### What you will do
Output the listing below exactly, minus its images.

### Recorded information

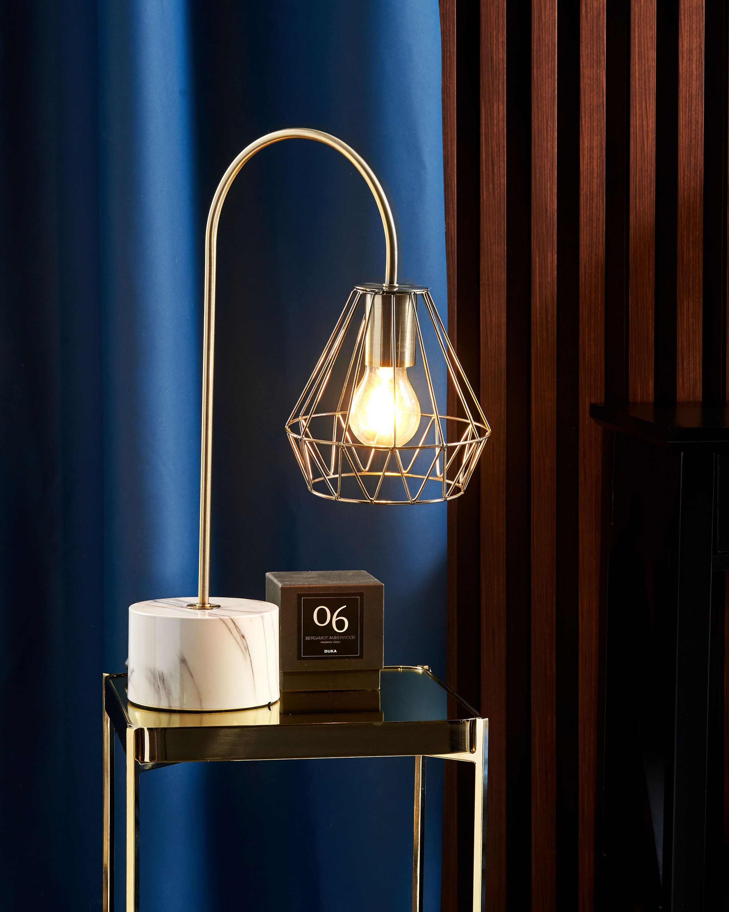 Elegantti valaisin geometrisella varjostimella. Modernia muotoilua parhaimmillaan. Timantinmallinen lampunvarjostin toimii katseenvangitsijana tilassa kuin tilassa. Varjostimen avoin rakenne jättää polttimon näkyville ja luo seinille upeita valo- ja varjoefektejä. Metallista valmistettu jalka takaa valaisimen tukevuuden.
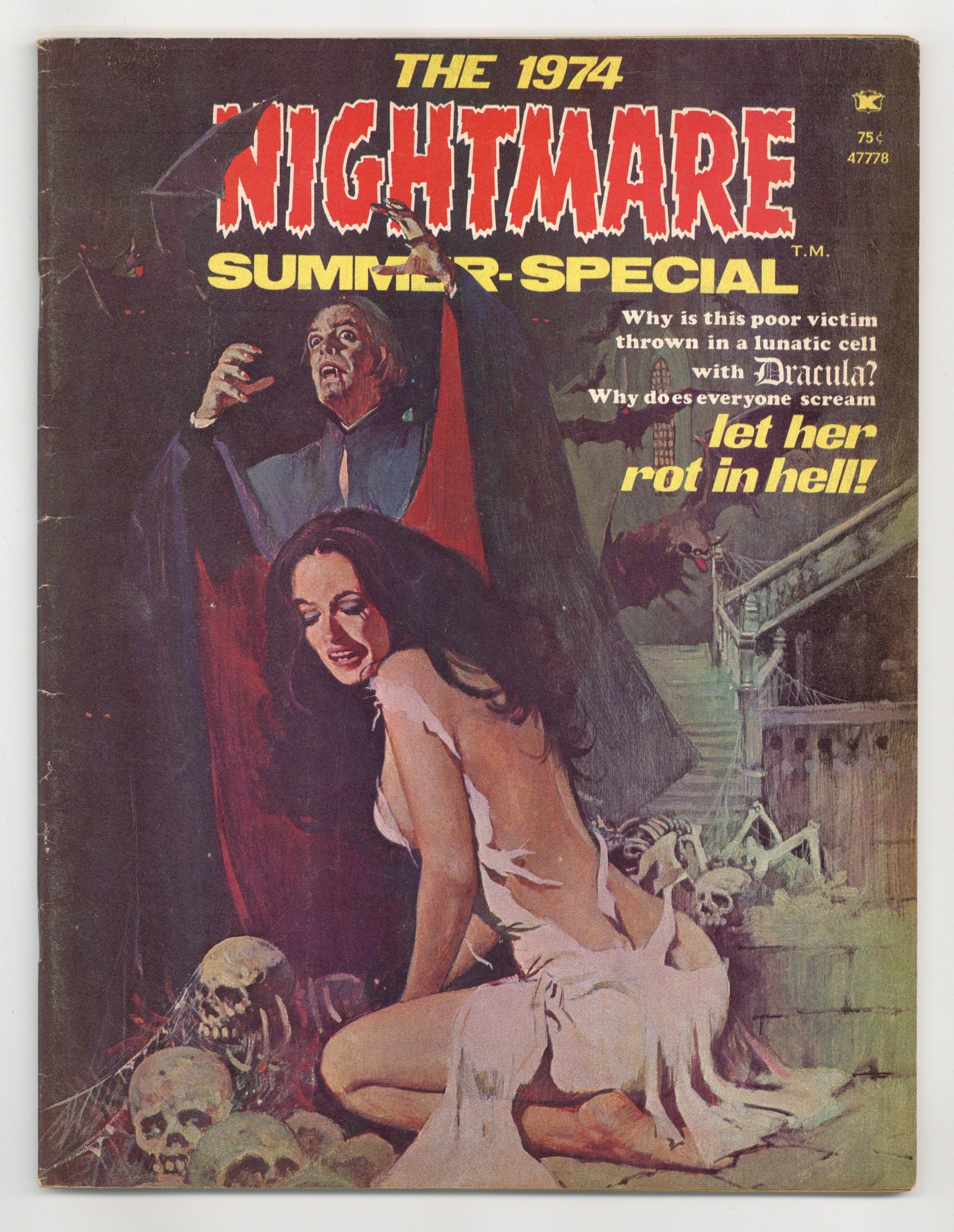 $27.00Cover art by Jose Mirelles. Let Her Rot In Hell, script by Al Hewetson, art by Jose Cardona. Valley Of Blood, script by Charles McNaughton, art by Jack Katz. The Cosmos Strain, script and art by Michael Kaluta (script credited to Steve Stern). Comes The Stalking Monster!, script by Larry Todd, pencils by Tom Sutton (as David Cook), inks by Syd Shores (as David Cook). Sleep, script and art by Jeff Jones (script credited to Steve Stern). Corpse By Computer, script by Robert Kanigher, art by Doug Wildey. Sand Castles, script by Ed Fedory, art by Pablo Marcos. 68 pgs. $0.75. Cover price $0.75.
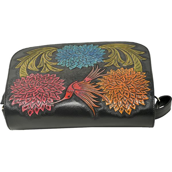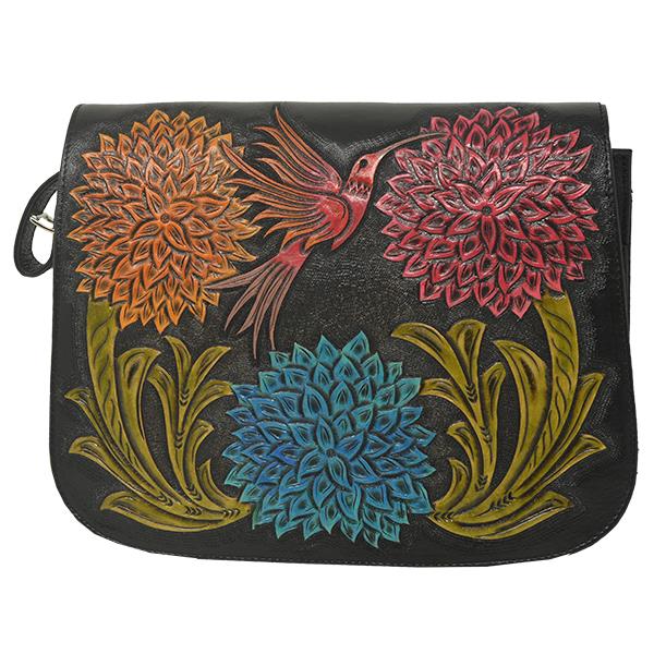 HUMMINGBIRD LEATHER CROSSBODY BAG FEATURES HAND COLORING TOOLING - BLK 13" x 2" x 9"

### Task answer
 Elegantti valaisin geometrisella varjostimella. Modernia muotoilua parhaimmillaan. Timantinmallinen lampunvarjostin toimii katseenvangitsijana tilassa kuin tilassa. Varjostimen avoin rakenne jättää polttimon näkyville ja luo seinille upeita valo- ja varjoefektejä. Metallista valmistettu jalka takaa valaisimen tukevuuden.
 $27.00Cover art by Jose Mirelles. Let Her Rot In Hell, script by Al Hewetson, art by Jose Cardona. Valley Of Blood, script by Charles McNaughton, art by Jack Katz. The Cosmos Strain, script and art by Michael Kaluta (script credited to Steve Stern). Comes The Stalking Monster!, script by Larry Todd, pencils by Tom Sutton (as David Cook), inks by Syd Shores (as David Cook). Sleep, script and art by Jeff Jones (script credited to Steve Stern). Corpse By Computer, script by Robert Kanigher, art by Doug Wildey. Sand Castles, script by Ed Fedory, art by Pablo Marcos. 68 pgs. $0.75. Cover price $0.75.
 HUMMINGBIRD LEATHER CROSSBODY BAG FEATURES HAND COLORING TOOLING - BLK 13" x 2" x 9"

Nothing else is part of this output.